• Problem
Give an exact copy of the data that follows, but none of its pictures.

Top of Dataset section

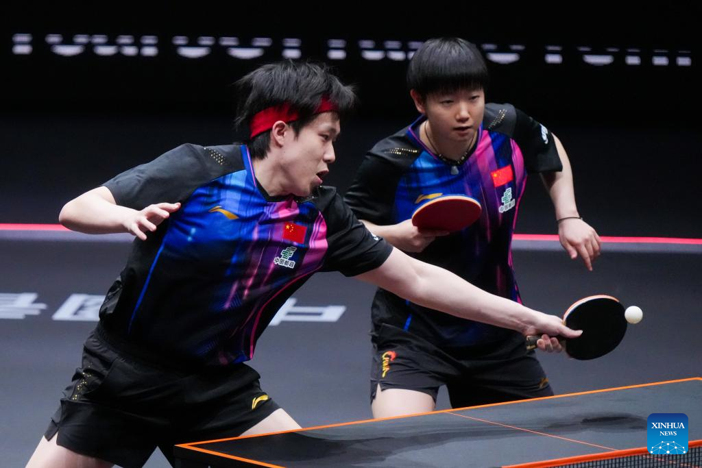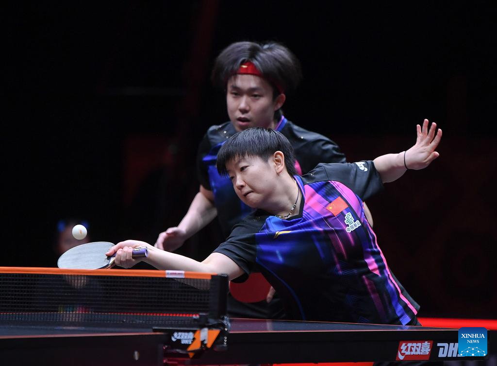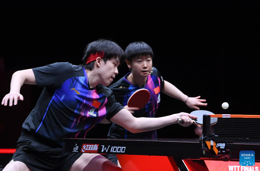 Wang Chuqin/Sun Yingsha (R) compete during the mixed doubles group 1 match between Wang Chuqin/Sun Yingsha of China and Manush Shah/Diya Chitale of India at the WTT Finals Hong Kong 2025 in Hong Kong, south China, Dec. 10, 2025. (Xinhua/Chen Duo)
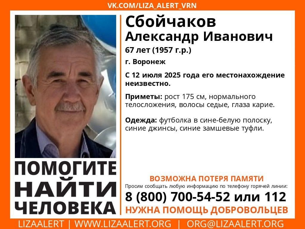 Внимание! Помогите найти человека! Пропал #Сбойчаков Александр Иванович, 67 лет г. #Воронеж С 12 июля 2025 года его местонахождение неизвестно. Инфорг: Миледи (Елена) 89103487479 Если вы обладаете какой-либо информацией о пропавшем, просьба позвонить по номеру телефона горячей линии отряда 88007005452 (бесплатно по РФ) или 112. ⚡️Подпишись на «Медиа-Х Воронеж»
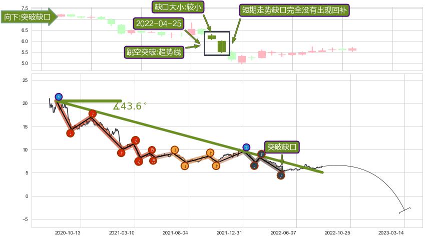 从2020-08-03至2022-06-28,共包含461个交易日,阶段股价下跌-105.09%,阶段股价变动位移路程比: 1 : 8,下跌趋势角度: 43.6

Bottom of Dataset section

• Your solution
 Wang Chuqin/Sun Yingsha (R) compete during the mixed doubles group 1 match between Wang Chuqin/Sun Yingsha of China and Manush Shah/Diya Chitale of India at the WTT Finals Hong Kong 2025 in Hong Kong, south China, Dec. 10, 2025. (Xinhua/Chen Duo)
 Внимание! Помогите найти человека! Пропал #Сбойчаков Александр Иванович, 67 лет г. #Воронеж С 12 июля 2025 года его местонахождение неизвестно. Инфорг: Миледи (Елена) 89103487479 Если вы обладаете какой-либо информацией о пропавшем, просьба позвонить по номеру телефона горячей линии отряда 88007005452 (бесплатно по РФ) или 112. ⚡️Подпишись на «Медиа-Х Воронеж»
 从2020-08-03至2022-06-28,共包含461个交易日,阶段股价下跌-105.09%,阶段股价变动位移路程比: 1 : 8,下跌趋势角度: 43.6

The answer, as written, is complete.